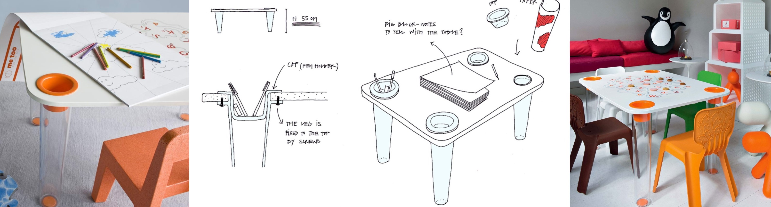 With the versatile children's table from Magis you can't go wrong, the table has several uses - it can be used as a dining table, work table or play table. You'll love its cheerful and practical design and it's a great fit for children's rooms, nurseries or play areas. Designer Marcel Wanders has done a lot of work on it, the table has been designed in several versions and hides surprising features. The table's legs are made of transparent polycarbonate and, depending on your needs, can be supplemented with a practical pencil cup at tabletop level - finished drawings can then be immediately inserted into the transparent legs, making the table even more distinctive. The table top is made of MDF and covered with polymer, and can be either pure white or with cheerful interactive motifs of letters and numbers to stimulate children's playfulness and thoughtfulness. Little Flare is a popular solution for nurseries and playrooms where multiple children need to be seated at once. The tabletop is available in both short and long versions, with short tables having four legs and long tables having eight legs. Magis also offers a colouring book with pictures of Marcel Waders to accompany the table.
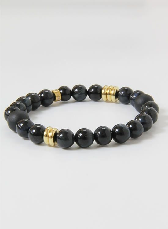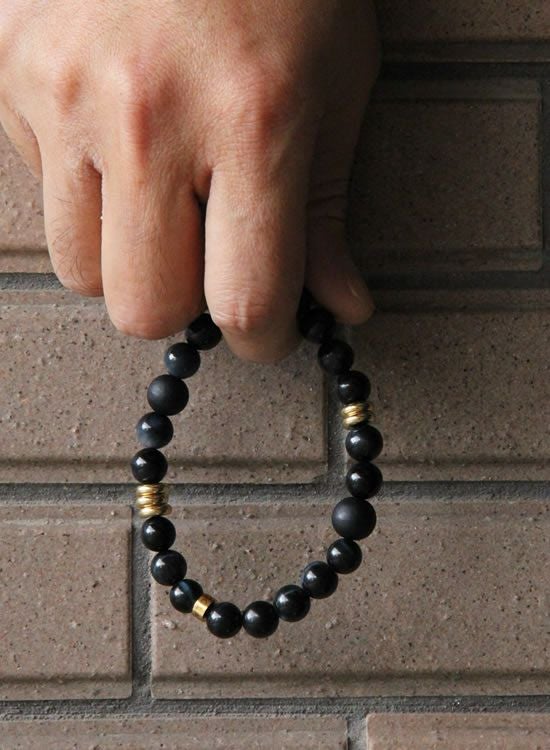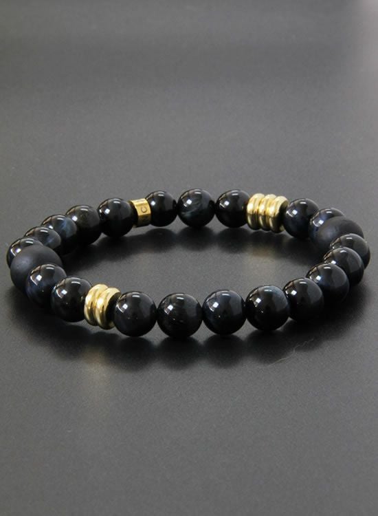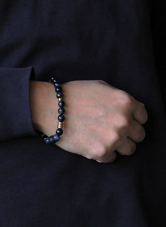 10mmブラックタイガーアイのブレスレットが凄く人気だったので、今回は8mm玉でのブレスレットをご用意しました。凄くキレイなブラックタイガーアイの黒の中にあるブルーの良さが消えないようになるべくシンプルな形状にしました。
* * *
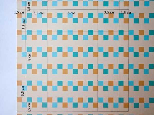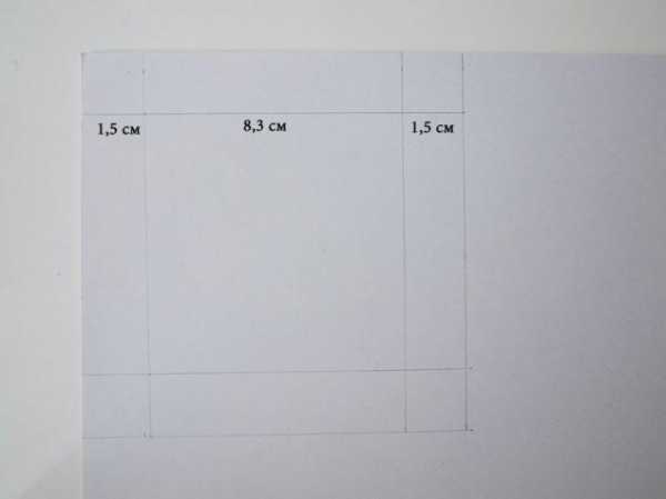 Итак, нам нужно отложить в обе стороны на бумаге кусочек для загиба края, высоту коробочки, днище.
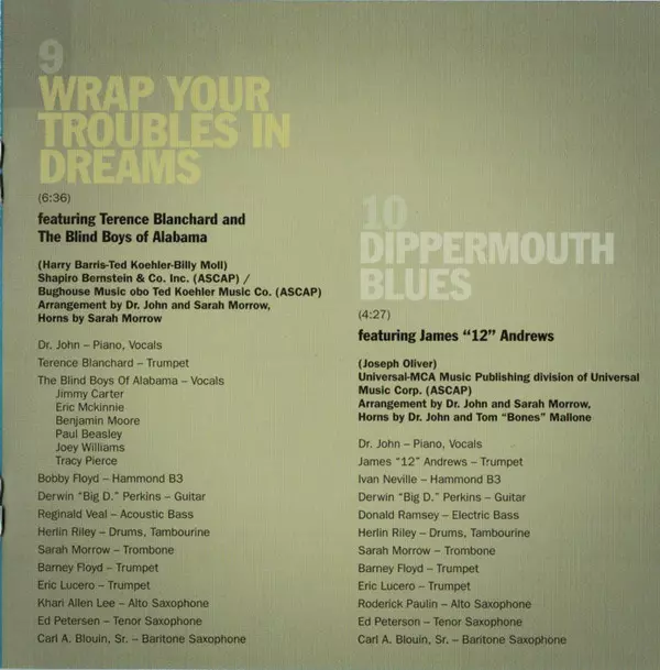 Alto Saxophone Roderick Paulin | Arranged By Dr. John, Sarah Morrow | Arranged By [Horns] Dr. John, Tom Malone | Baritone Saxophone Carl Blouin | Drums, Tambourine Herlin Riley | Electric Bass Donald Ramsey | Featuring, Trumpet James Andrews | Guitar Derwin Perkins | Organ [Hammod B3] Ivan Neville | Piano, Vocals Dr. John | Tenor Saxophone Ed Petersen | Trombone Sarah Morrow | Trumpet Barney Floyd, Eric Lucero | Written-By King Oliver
---
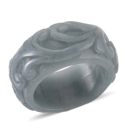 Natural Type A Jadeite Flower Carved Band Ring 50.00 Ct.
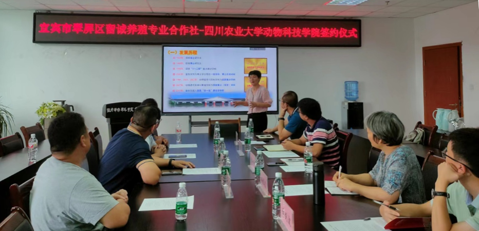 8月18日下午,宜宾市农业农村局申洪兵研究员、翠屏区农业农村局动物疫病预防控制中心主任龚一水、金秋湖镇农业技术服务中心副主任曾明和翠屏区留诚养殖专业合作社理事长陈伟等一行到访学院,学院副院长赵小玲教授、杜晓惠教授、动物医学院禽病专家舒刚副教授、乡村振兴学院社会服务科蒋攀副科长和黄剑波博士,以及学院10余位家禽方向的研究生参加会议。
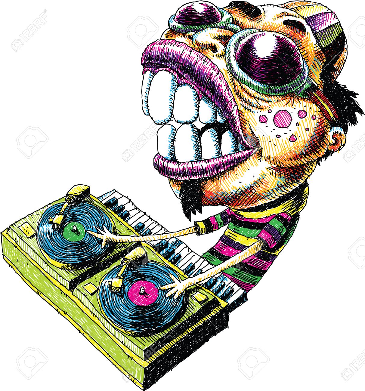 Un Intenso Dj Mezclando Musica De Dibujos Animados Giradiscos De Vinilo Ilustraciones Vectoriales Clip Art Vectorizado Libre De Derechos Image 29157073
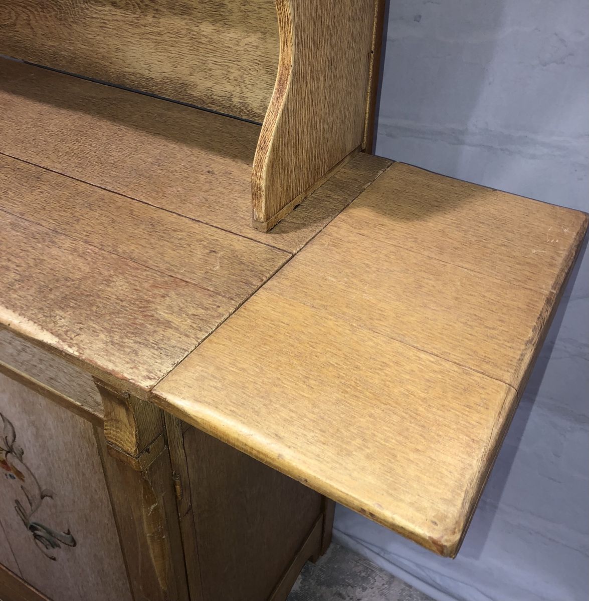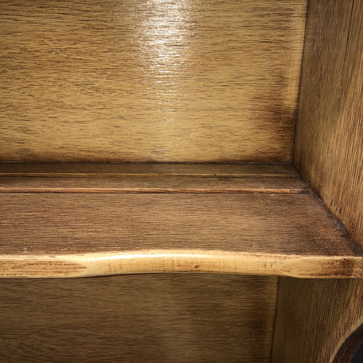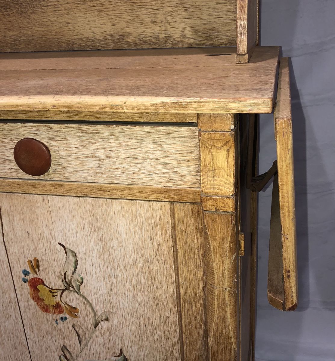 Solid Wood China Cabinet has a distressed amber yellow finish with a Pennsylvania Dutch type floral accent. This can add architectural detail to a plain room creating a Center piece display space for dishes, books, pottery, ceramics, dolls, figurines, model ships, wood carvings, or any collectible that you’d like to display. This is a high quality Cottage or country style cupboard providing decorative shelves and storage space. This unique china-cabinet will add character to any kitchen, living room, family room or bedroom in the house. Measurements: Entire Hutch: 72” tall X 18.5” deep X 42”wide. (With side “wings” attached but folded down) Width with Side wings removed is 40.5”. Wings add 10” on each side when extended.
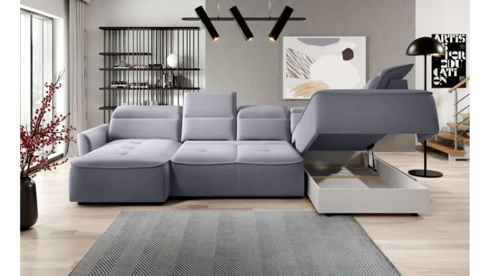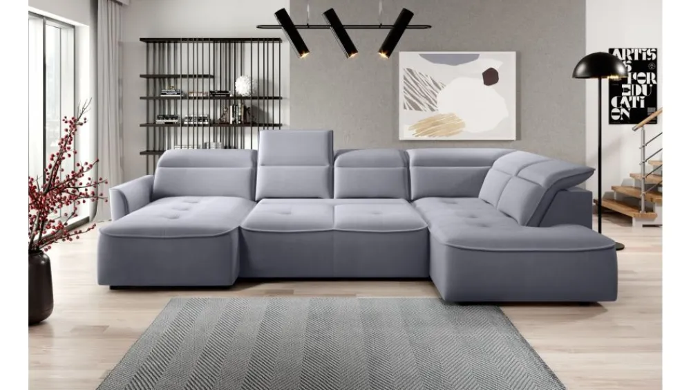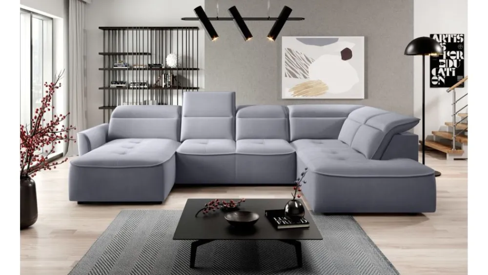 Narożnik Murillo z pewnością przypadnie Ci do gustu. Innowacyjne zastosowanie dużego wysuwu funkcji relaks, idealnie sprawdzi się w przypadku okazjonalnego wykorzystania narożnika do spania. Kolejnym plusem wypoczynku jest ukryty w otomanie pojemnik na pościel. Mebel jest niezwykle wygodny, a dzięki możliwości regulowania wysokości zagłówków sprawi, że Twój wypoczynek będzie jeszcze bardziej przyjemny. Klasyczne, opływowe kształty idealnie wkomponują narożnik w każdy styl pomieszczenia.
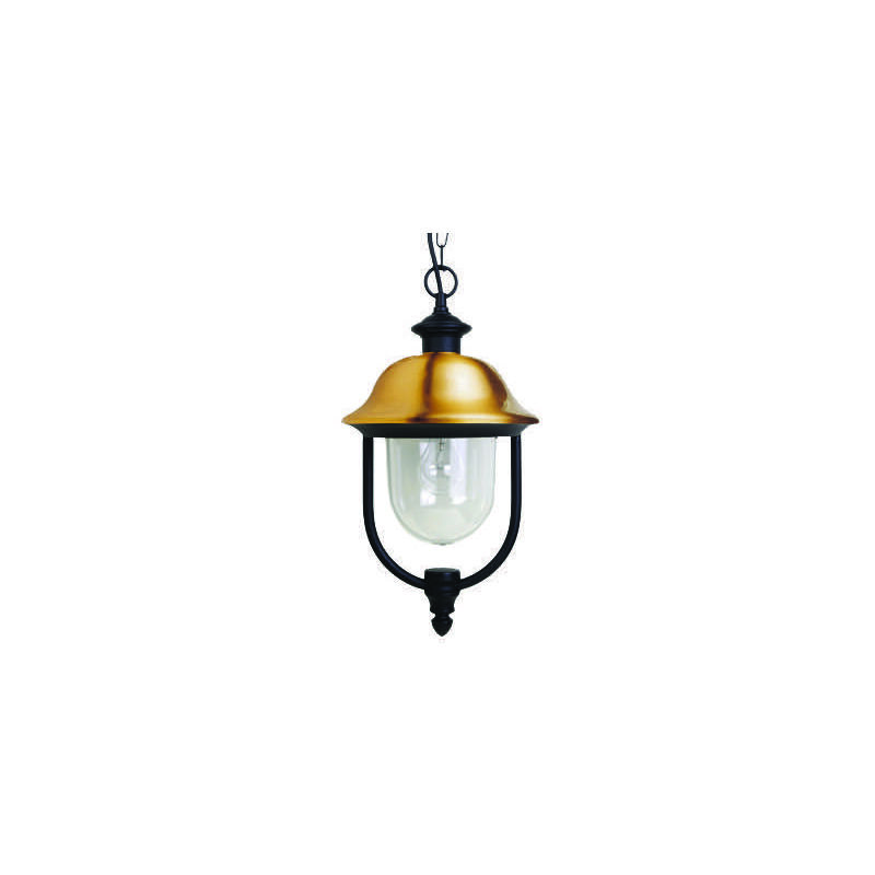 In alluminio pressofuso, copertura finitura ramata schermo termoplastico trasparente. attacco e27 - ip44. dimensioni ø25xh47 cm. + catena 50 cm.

TASK DESCRIPTION: Please copy the lines above exactly, starting at the line that holds "Natural Type A" and ending at the line that holds "8月18日下午,宜宾市农业农"; include both, but no pictures.

RESULT FOR THIS EXERCISE:
 Natural Type A Jadeite Flower Carved Band Ring 50.00 Ct.
 8月18日下午,宜宾市农业农村局申洪兵研究员、翠屏区农业农村局动物疫病预防控制中心主任龚一水、金秋湖镇农业技术服务中心副主任曾明和翠屏区留诚养殖专业合作社理事长陈伟等一行到访学院,学院副院长赵小玲教授、杜晓惠教授、动物医学院禽病专家舒刚副教授、乡村振兴学院社会服务科蒋攀副科长和黄剑波博士,以及学院10余位家禽方向的研究生参加会议。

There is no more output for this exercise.